In this project, we want to solve a customized sudoku game by traversing our search tree recursively.
We call this algorithm Backtracking and also we use MRV and Degree methods as heuristics.
In this game, we have a board that we want to fill with the correct number and also Colors.
Despite the original sudoku here we have a color besides the number for each block that we want to put them on.
Now let's review sudoku's original rules:
- We must use all numbers in each row
- A number must be unique in each row
- A number must be unique in each column
But as mentioned earlier we added color to each block.
So we have new rules now:
- A block must have a different color from its adjacent blocks
- Our colors are prioritized, so if the color of a specific block has a higher priority than each adjacent block, the number of that block must be higher than that adjacent block
And we want to solve each sample of this game with a backtracking algorithm.
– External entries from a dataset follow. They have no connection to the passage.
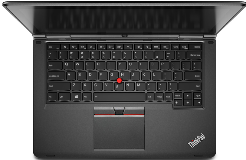
Lenovo® ThinkPad Yoga 12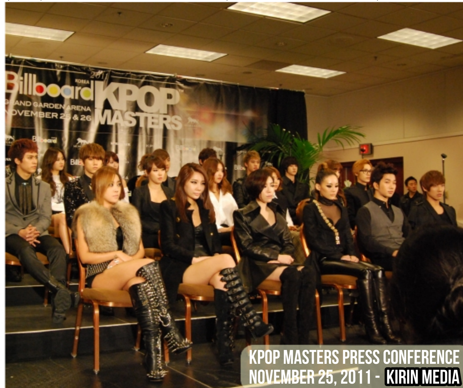
KPOP MASTERS PRESS CONFERENCE NOVEMBER 25, 2011 - KIRIN MEDIA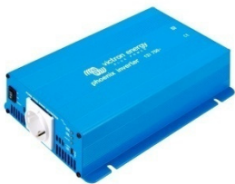
Phoenix Inverter 12/750 with Schuko socket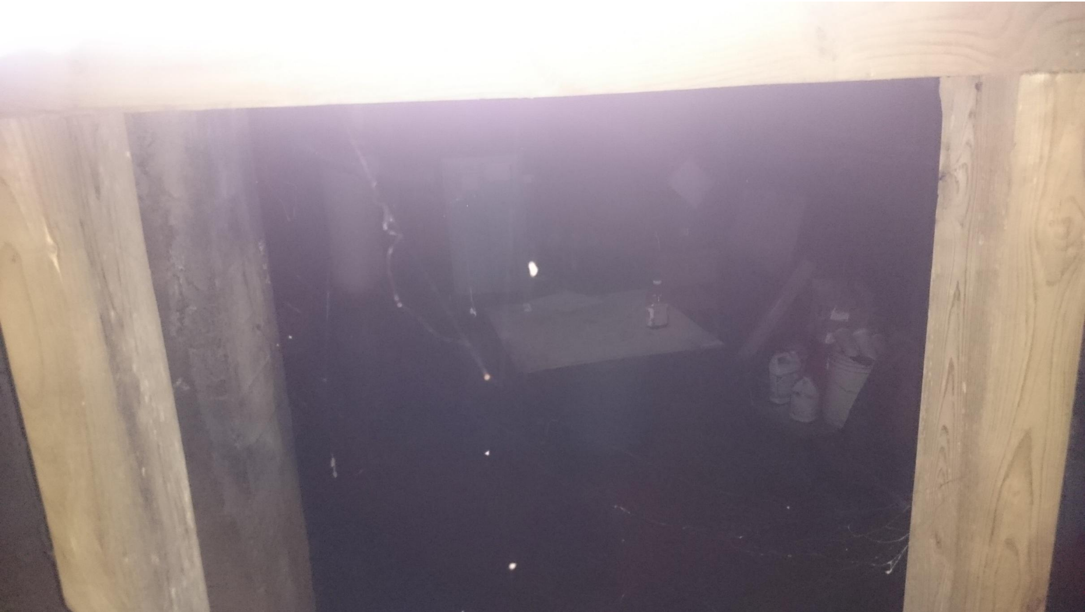
Figure 3: Looking south into basement

We have a Block class that we store number, color, a list of possible colors, and a list of possible numbers for that block in this class.
And also in a class named State, we store a two-dimensional array of blocks that represents each of the possible states.
When making each state, after selecting one of the possible numbers and colors, we amend possible numbers and colors of other blocks using Forward checking.
And when we reach a state that is recognized as a possible target, we finish our algorithm and print that state.
As input in the first line, we get our colors count and then our board size. (our board is square)
After that in the second line, we get colors in prioritized order which the first one has the highest priority.
Then at each row, we get the blocks. Each block is represented with two characters, the first is its number and the second is its color. (if the number is unknown we use * and if the color is unknown we using #)
5 3
r g b y p
1# *b *#
*# 3r *#
*g 1# *#
::::::::::::::::::
1p|2b|3g|
2y|3r|1p|
3g|1p|2y|
::::::::::::::::::